Installation view of ‘Optical Allusion,’ at Lisson Gallery, June 2024.

Mary Heilmann at Hauser & Wirth Gallery

A shocking pink wall, lime green front desk and aqua-colored chair greet visitors to Mary Heilmann’s show at Hauser & Wirth Gallery, creating a bold statement not quite in keeping with the subtlety of the exhibition’s content – small-scale work on paper from the 70s to the early ‘00s.  Nevertheless, one of the show’s smallest pieces, a black and blue watercolor and pencil drawing that brings to mind a game board, an overview of a pool or architectural forms, inspired Heilmann’s new, hugely enjoyable wall-filling new site-specific drawing, ‘A Long Lost Soul.’  (On view through July 26th in Chelsea).

Mary Heilmann, installation view of ‘A Long Lost Soul, acrylic on wall, 168 x 349 ½ inches, 2024.
Mary Heilmann, Untitled Watercolor Study, watercolor and pencil on paper, 5 x 7 inches, 1982-84 c.

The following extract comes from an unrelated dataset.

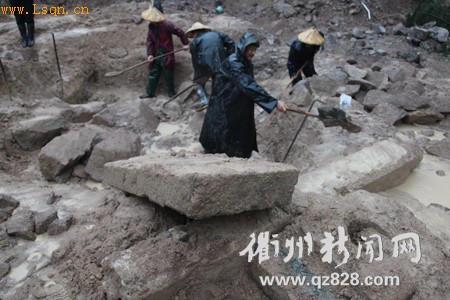 昨日上午,龙游南部大雨倾盆,记者来到古墓发掘现场时,还有少数几位工作人员正在做简单的清理工作。古墓现场位于一处民房地基施工现场,背靠一处荒山。墓地最为显眼的是数块大型青石构件和几块散落的青砖,青石和青砖都是古墓在民房施工时被挖掘出来的。
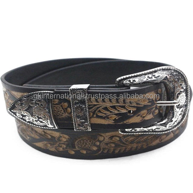 Top Quality Leaf Embossed Men's Western Leather Tooling Belt with 3 Piece Floral Engraved Antique Western Style Floral Buckle

The Campus, Claverack, New York

If you’ve ever enjoyed exploring MoMA’s PS1, an art space housed in a former Queens public school, you’ll love rambling around the atmospheric new 78,000 sq ft art space The Campus, housed in a former high school just outside Hudson, NY.  Work by nearly 100 artists, mostly represented by NYC galleries Bortolami, James Cohan, kaufmann repetto, Anton Kern, Andrew Kreps and kurimanzutto fills the gym, hallways, classrooms and grounds around the large, low-slung, 1951 building.  Organized by Timo Kappeller, the handsomely installed inaugural show includes a metal butterfly sculpture by Kosovar artist Petrit Halilaj (whose sculpture inspired by graffiti on school desks is currently on the roof of the Met Museum), text pieces by Jenny Holzer (currently showing at the Guggenheim) installed in a boys shower room, Madeline Hollander’s perpetual rolling metal knots (recently part of her solo show at Bortolami) and much, much more.  (Admission is free. Hours: Saturday and Sunday, 12pm – 5pm. On view through Oct 27th.)

The Campus, Claverack, NY

 

 

Petrit Halilaj at The Campus.
Jenny Holzer at The Campus.
Madeline Hollander at The Campus.

Mika Tajima at Hill Art Foundation

Mika Tajima’s winter ’24 solo show at Chelsea’s Pace Gallery featured Jacquard loomed tapestries so large that the gallery referred to them as ‘architectural;’ the artist’s current solo show at the Hill Art Foundation takes the concept a step further in its handsome integration of artwork and the gallery space.   Here, a new work from Tajima’s ‘Negative Entropy’ series – referring to an application of energy to move away from disorder – dominates a floating wall, enhancing the dynamic effect of the wave pattern depicted in purple and yellow.  Past pieces from the series indirectly picture sound waves from computer activity or brain stimulation; here, the subtitle ‘Sound Bath…’ suggests a visualization of a healing activity, purposeful if abstracted.  (On view through July 26th).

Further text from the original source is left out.